Being ‘indifferent,’ in Ignatius’s words, means being ‘free’: that is we are free from being so attached, addicted, enslaved or bewitched by any created or merely human thing that it gets in the way of living according to our purpose. That is, we do not want to become so obsessed with living a successful earthly life that our life becomes about serving ourselves and not serving God and following His plan. We want to be free from anything that could prevent us from being free for our true purpose. We want to put the love of God above any merely human love. We want to live a balanced, ordered life: a life in which we have a proper relationship with other persons, with money and with things, so that we don’t become enslaved by an attachment to any of them. While created things can help us achieve our purpose, they can also distract us from it if we become focused on them rather than on our greater purpose. We shouldn’t confuse earthly ambitions with the purpose of life and allow them to take the place of God.

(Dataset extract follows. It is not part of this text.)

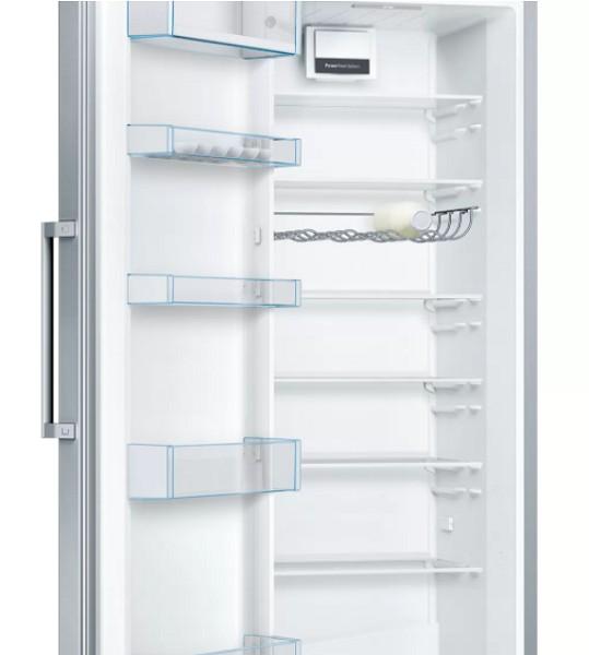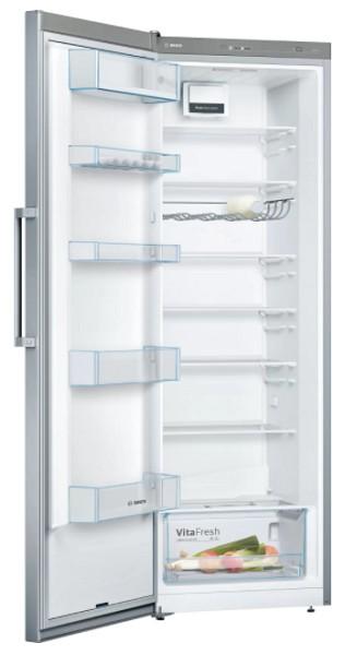 Voľne stojaca jednodverová chladnička Bosch KSV29NWEP v nezerovom prevedení s celkovým objemom 324 litrov si nájde miesto aj vo vašej kuchyni a bez problémov sa do nej zmestí váš rodinný nákup. Okrem toho je vybavená technológiou NoFrost, s ktorou môžete zabudnúť na zdĺhavé odmrazovanie. Chladnička sa odmrazí sama, čo šetrí váš čas. Pre pohodlné otváranie je z vonkajšej strany dvierok umiestnené praktické madlo. Je obzvlášť vhodná do domácností, kancelárií alebo na chatu. Vo vnútri nájdete dostatok priestoru pre vaše potraviny. Má špeciálne poličky Easy Access, ktoré ponúkajú dokonalý prehľad a jednoduché uskladnenie. Sú odolné voči nárazu. Mechanizmus plynulého vysúvania umožňuje ich pohodlné využitie. Vnútro chladničky ešte obsahuje:
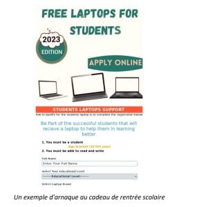 L’une des tactiques employées par les cybercriminels découvertes par Kaspersky consiste à créer de faux jeux concours permettant prétendument aux étudiants de gagner un ordinateur portable. Pour pouvoir

Make a list of people you admire in this regard. What is it that you admire in them? Maybe you can picture holy people of the past or people you know now, whose lives show this healthy balance and freedom. This is not the time to judge yourself on where you may be falling short (you will reflect on your own performance later). For the moment, we are trying to develop a clear sense of purpose, and a clear sense of the ideals we want to aspire to in our life.
Psalm 8. What is a frail human, that you should be mindful of him?
Romans 8: 5-6; 12-18. All who are led by the Spirit of God are children of God. Those who live according to the Spirit set their minds on the things of the Spirit.
Philippians 1:21-26; 3:7-16; 4:10-13. Here and now, how closely can I identify with the attitude of Saint Paul?
Final Colloquy: Sum up what has come to mind in your time of prayer, talking to Jesus as one friend does to another. Be honest with him about what you have discovered on this stage of your journey.